Creativity. The Most Important Leadership Quality For Law Firm Partners.

Outside specific industry knowledge, shouldn’t a managing partner at a big law firm possess the qualities necessary to run a Fortune 500 Company as CEO?

If you agree, it’s likely because your realize the head of a company and the partner at a law firm often share the same job description. Whether CEO or equity partner, professionals in a decision-making position must both manage employee responsibilities and be the leader of teams.

An article titled, “What Does It Take to Develop Effective Law Firm Leaders?” in the ABA’s Law Practice TODAY, separates the task of management from leadership. According to the article, management is more focused on the short-term, typically one-year segments, which prioritizes cognitive skills and strategies.

The most effective manager is able to work using analytical, data-based, and rational decision-making. Equity and non-equity partners must learn to hone on his or her management style and effectiveness in order to succeed.

Leadership, however, is focused on the long-term, typically five plus years at the top. So, this applies primarily to the equity partners. “When the people you are leading are also owners of the firm, the need for buy-in is even greater,” write the article’s authors.

Successful leadership relies on more people-focused, inspirational, emotional, non-linear, and visceral decision-making.

It is this last trait—the one of leadership—that will be highlighted. Turns out, in the business world today, the number one, most important leadership quality for success is creativity.

A study by IBM , as reported by Austin Carr at Fast Company, used the largest known sample of one-on-one CEO interviews, with over 1,500 corporate heads and public sector leaders across 60 nations and 33 industries, to derive a poll on what drives corporate success.

The results are surprising.

The top three qualities were:

  1. Creativity;
  2. Integrity; and
  3. Global thinking.

Stunned by the list, Steven Tomasco, a manager at IBM Global Business Services, said to Austin Carr at Fast Company about the study findings:

“[It is] very interesting that coming off the worst economic conditions they’d ever seen, [CEOs] didn’t fall back on management discipline, existing best practices, rigor, or operations. In fact, they [did] just the opposite.”

When times are tough, of the two CEO and law firm partner requirements—managing and leading—the less tangible and more emotional qualities motivate best.
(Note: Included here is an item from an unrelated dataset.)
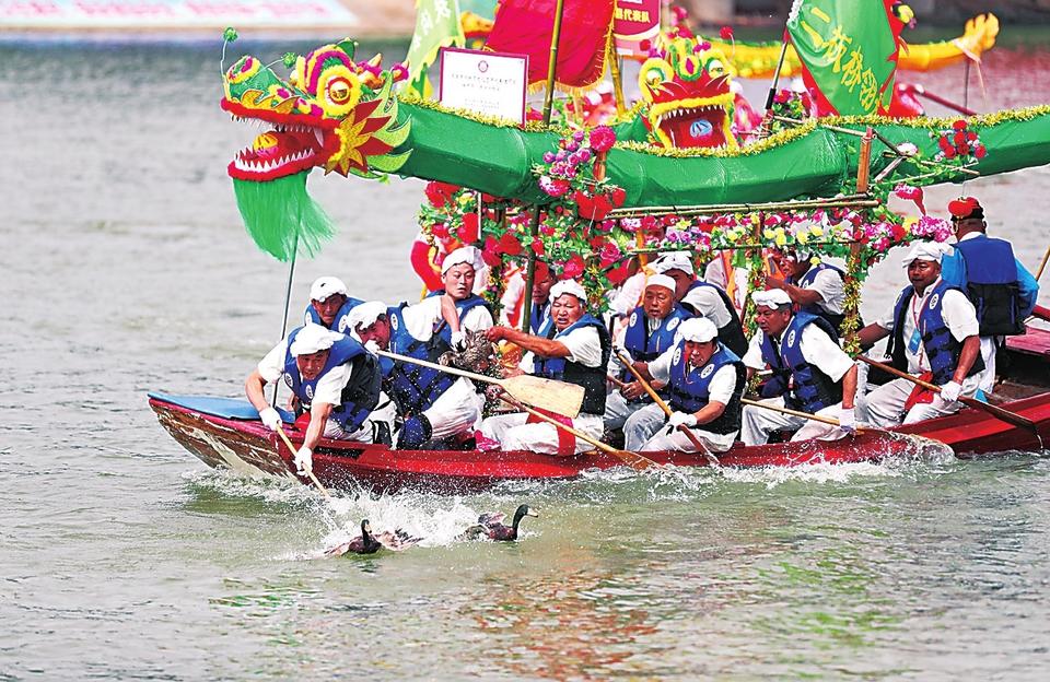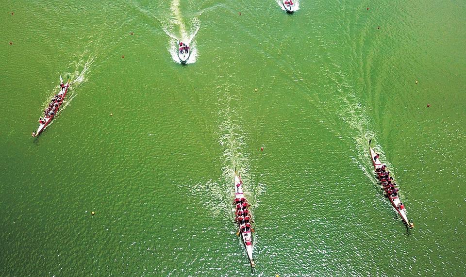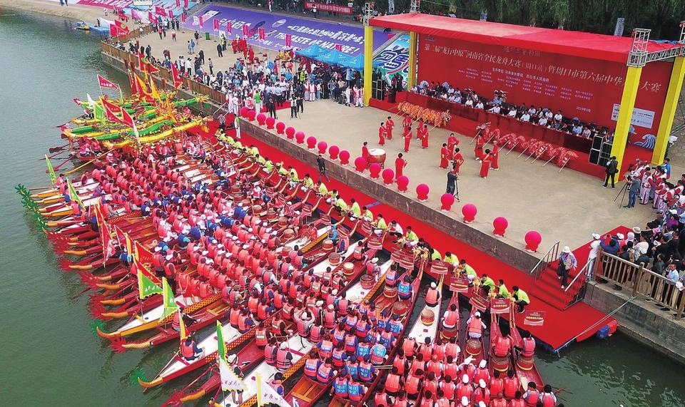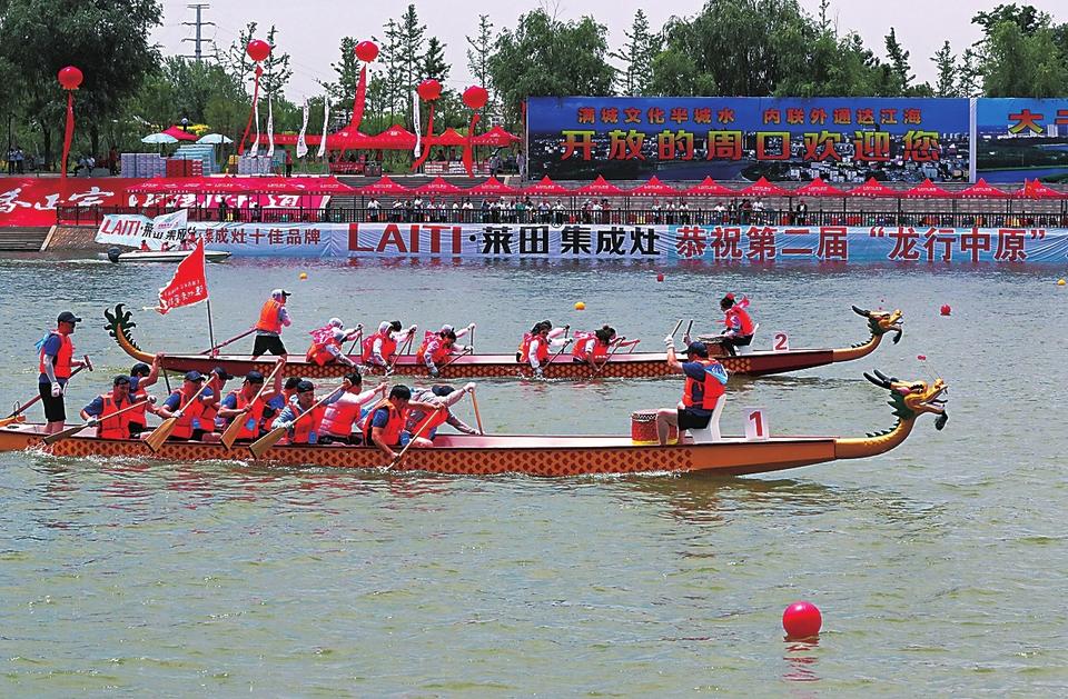 沙潁河上百舸競發(fā)河南省全民龍舟大賽周口站開(kāi)賽

When it comes to boosting profits, for example, will the damage to morale by firing a team member be worse than his cost to the company?

When change is necessary, will it emerge from adding a new, sterile, data-based system, or from increasing employee confidence and job satisfaction?

 When your company needs innovation to boost workplace efficiency, are you prepared to accept creative solutions?

You should be.

“Creative leaders are more prepared to break with the status quo of industry, enterprise and revenue models, and they are 81% more likely to rate innovation as a ‘crucial capability,'” dicates (logic and) the IBM study. 

Especially in a downturn economy, the key driver to great leadership is an ability to adapt, be creative, maintain your ethical standards, and generally react with the long-term in mind.